2012-05-24 Thread David Kastrup
Janek Warchoł janek.lilyp...@gmail.com writes:

 On Thu, May 24, 2012 at 9:37 PM, David Kastrup d...@gnu.org wrote:
 Jeff Barnes jbarnes...@yahoo.com writes:
 Just curious. If there wasn't a free as in beer version of a GPL
 software package, wouldn't one logically expect a fork?
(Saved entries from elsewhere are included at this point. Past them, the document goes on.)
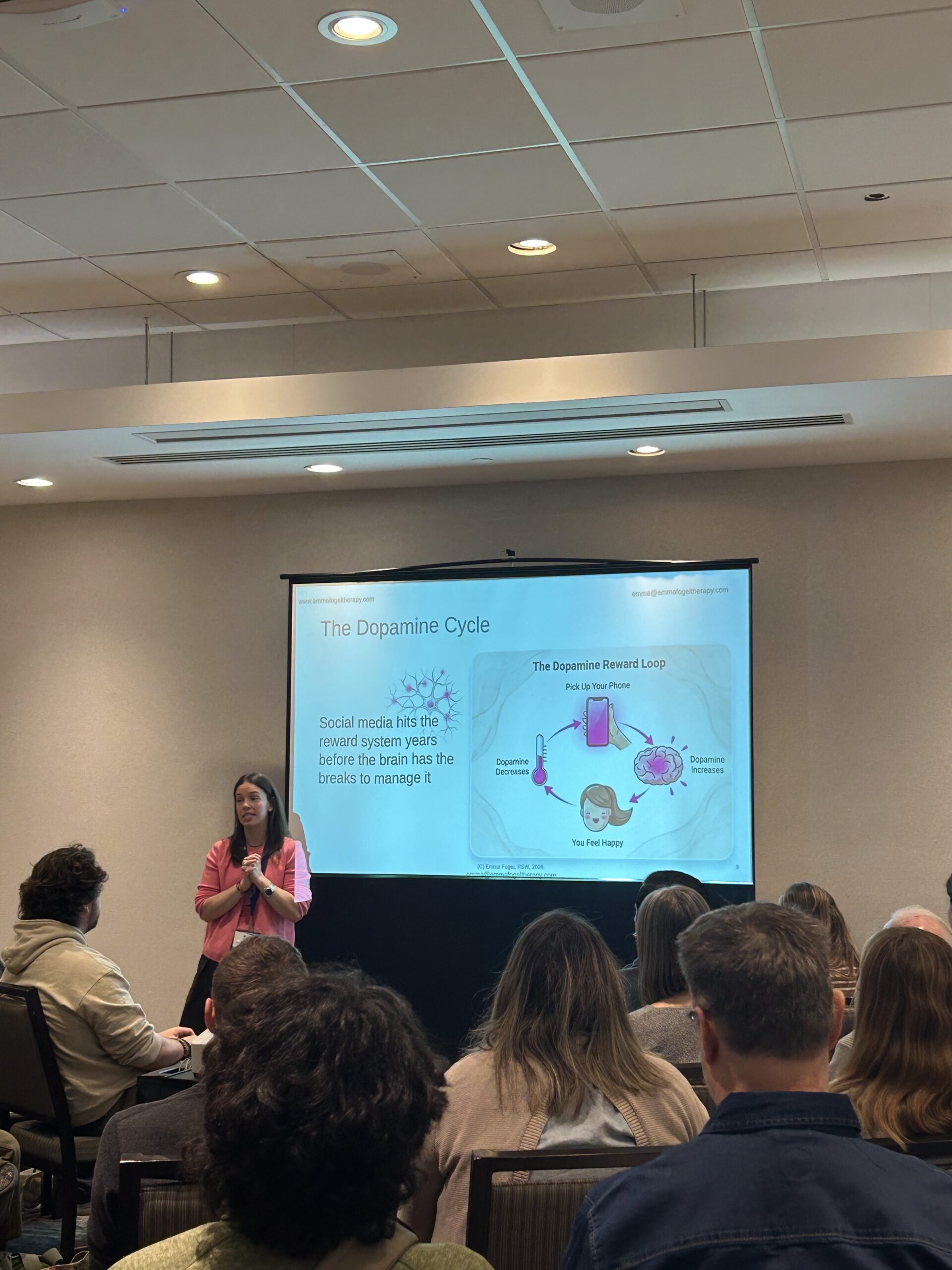 Emma has presented several mental health-informed psychoeducation presentations, trainings and webinars to various audiences. Emma has provided presentations to several schools, camps and corporate communities throughout Ontario. Her presentations focus on mental health education and literacy coupled with evidence-based strategies and resources to help the audience feel equipped to work through daily challenges.
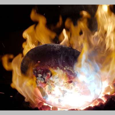 Im Rhythmus des Hammers formt sich das glühende Eisen – Schlag für Schlag nimmt das Material Gestalt an. Allmählich entsteht die Endform, und jede Metallscheibe entwickelt ihren eigenen unverwechselbaren Charakter und Klang. Zum Abschluss werden die Klangschalen im offenen Feuer auf der Innenseite vermessingt.
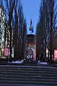 According to the decree of the former President of Ukraine, Viktor Yushchenko, this monument of the Soviet Union and the associated Communist period should have been removed after Ukraine gained independence.[4] Nevertheless, due to the resistance of the Communist Party of Ukraine, whose members were elected to Verhovna Rada, the last Kyiv monument to Lenin was left standing.

How does GNU
 address that?

 You can't fork what has not been written yet.

 I suppose the situation might be as follows: source code is freely
 available (on website, github or whatever), but the binaries are not.
 Anyone tech-savvy enough to serve himself doesn't have to pay, but
 simple users do have.  I think that if the price was low (say, 5$)
 nobody might be interested in forking it.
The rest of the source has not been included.